# Atomized

When I switched back to Linux, I bought a Dell XPS 13. It’s a very slick little machine, but hasn’t held up quite as well as I’d hoped. This is partly my fault, because it’s taken a couple spills, but several issues are due to the design of the system. It runs hot, the fans are noisy, the rubber feet came unglued, and after two years the battery only holds 55% of a charge. It still works, but the issues add up -- I don’t think I’ll be getting another one.

ThinkPads are the other line of laptops that are known for running Linux well, so I figured I’d see what was available there. I ended up ordering an X1 Carbon (6th gen) while it was on sale at the end of the year, but found that it wasn’t to my liking. The size and build quality are terrific, but it had a some deal-breaker issues.
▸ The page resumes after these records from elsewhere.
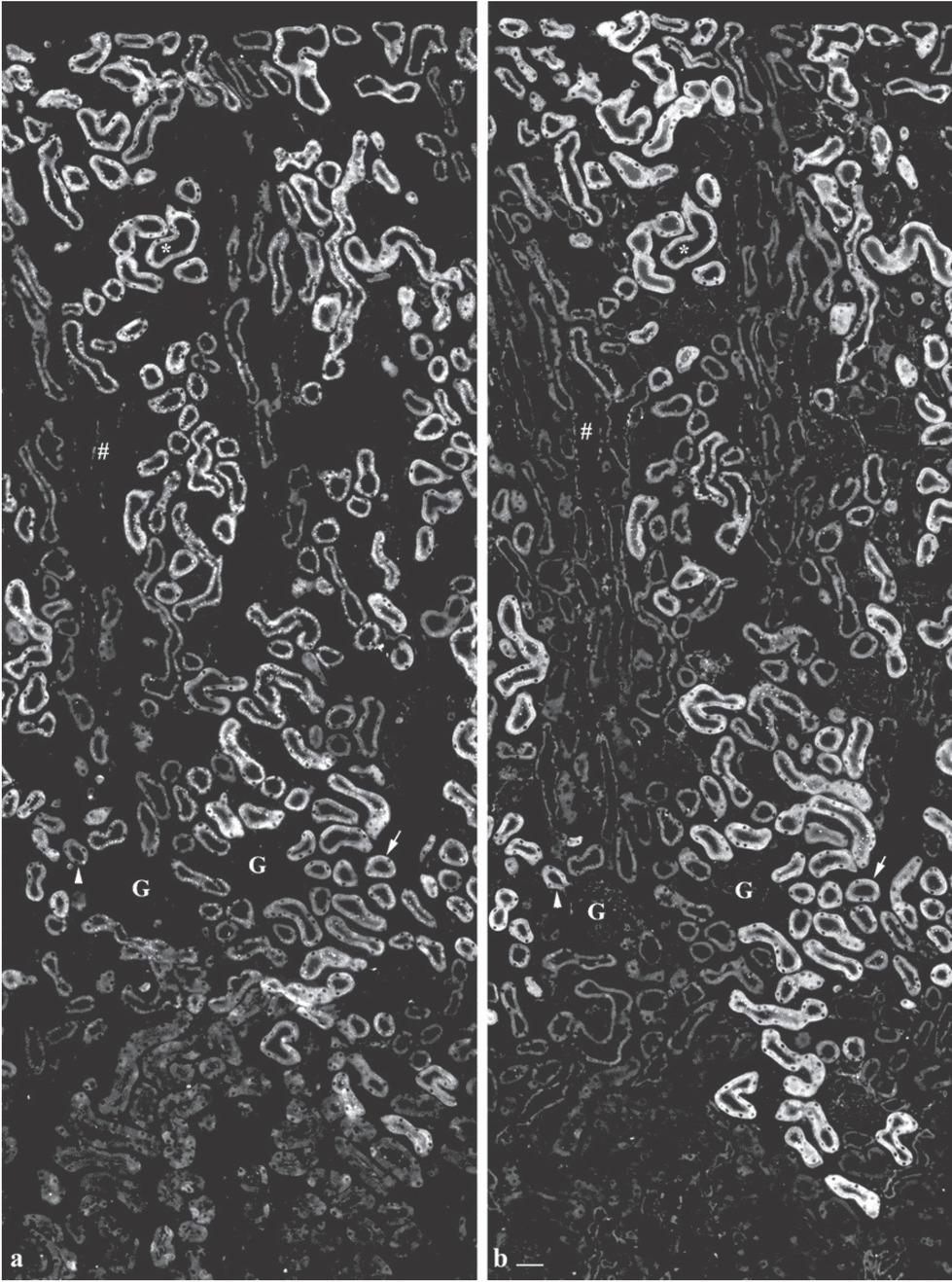 Kidney panels with parallel ferritin staining in consecutive cryosections of female kidney. Immunofluorescence of FtL (a) and FtH (b) shows stronger staining in epithelial cells of proximal tubules throughout the cortex and much weaker and mosaic staining in the outer stripe of kidney zones. Proximal tubules showed homogenous intracellular staining, whereas some S1 and S2 segments showed relatively dotty and faint (a, FtL) to strong (b, FtH) staining. Arrowheads on both panels show S1 segment of the proximal tubule (a, b) leaving juxtamedullar glomeruli (G). On the b panel S2 segments show homogenous and strong staining (arrow in G proximity). Faint (a,b) and mosaic staining (a) was observed in S3 segments (bottom of panels below G). Many proximal tubules contained ferritin-positive vesicles in the cells and in the lumen (asterisk in the S2 segment). This was found for both chains in the same cells/tubules of consecutive cryosections (a and b panels). However, FtH was more prominently stained in structures such as intercalated cells in the collecting duct (ladder) and weakly in the thick ascending limb of Henley (tubule to the left above the ladder). Bar=50 μm
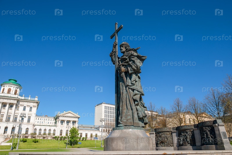 Москва, Россия - 10 мая 2021 года: Памятник Святому равноапостольному князю Владимиру Святославичу, Крестителю Руси, установлен на Манежной улице, напротив Дома Пашкова
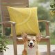 Almofada decorativa amarela brilhante perfeita para o seu pátio. Adicione conforto e charme de uma só vez à área de estar ao ar livre. O design ilustra fatias de limão Meyer empilhadas uma sobre a outra.

The soft touch finish feels nice, but collects skin oil so easily that it looks grubby all the time. The memory card reader only accepts microSD cards, is hidden behind a panel, and you have to close the lid to access it. It’s pretty much unusable, and they really shouldn’t have even bothered including it. The high-DPI display is a weird resolution that’s much too small at 1x scaling and much too large at 2x; and scaling to 1.5x is a big hassle in Linux. The speakers are also were terrible. I just don’t think a laptop with a $2,000 list price should have these kinds of issues. I’ve never returned a laptop in my life, but I returned this one. Lenovo gets some credit for the painless return process. I got 100% of my money back without having to speak to anyone. The ThinkPad 25 was another model I’d considered, a modern laptop with the classic ThinkPad style "7-row" keyboard. I was interested when it was first announced, but never bought one. They’ve been discontinued, but I found one on eBay for a decent price. It’s very nice. It might be too nice, because I’m afraid I’ll wear it out or drop it... Then what? Being a limited edition, parts are hard to come by. That nice classic style keyboard, for example: replacements were$300... when they were available... which they aren’t anymore. So if that breaks, I’m out of luck. Or if the keys wear smooth and I want to make it look new again, I just can’t.

But it is very nice.

Having heard that older ThinkPads are inexpensive and still run great, I went looking for one and ended up with an X230 from a local seller for $180. It’s the highest spec Core i7-3520M CPU, with 8gb RAM and a SSD -- and a matte screen, which I’d nearly forgotten how much I missed. Even though it’s nearly six years old, it still works great and is plenty powerful. Cosmetically, it was pretty beat up. Compared to the ThinkPad 25, it’s actually liberating. I don’t have to worry about putting the first scratch on it, since it’s already got several. The X230 is a great laptop, and I really like this machine; I’ve been using it daily. It’s a sweet spot in the ThinkPad lineup, with classic style and good performance. The X230 runs faster and cooler than its predecessor, and adds USB 3.0. The x240 which replaced it is inferior in several ways: It uses slower Ultrabook CPUs and removes the physical buttons from the TrackPoint. ThinkPads are amazingly repairable. The amount of documentation and support for ThinkPads is incredible. Every model has a detailed service manual that shows how to replace every major component. You can look up every part used in a particular model, or put in a specific laptop’s serial number to see exactly what was in it when built. Lenovo still sells parts for older laptops, and what it doesn’t stock is usually available from third parties. Most parts are extremely cheap, ranging around$10-$30. Most repair jobs only take a few minutes. I swapped up the LCD panel for a nice IPS one in less than five minutes. A replacement for the cracked LCD bezel cost$13 shipped to my door.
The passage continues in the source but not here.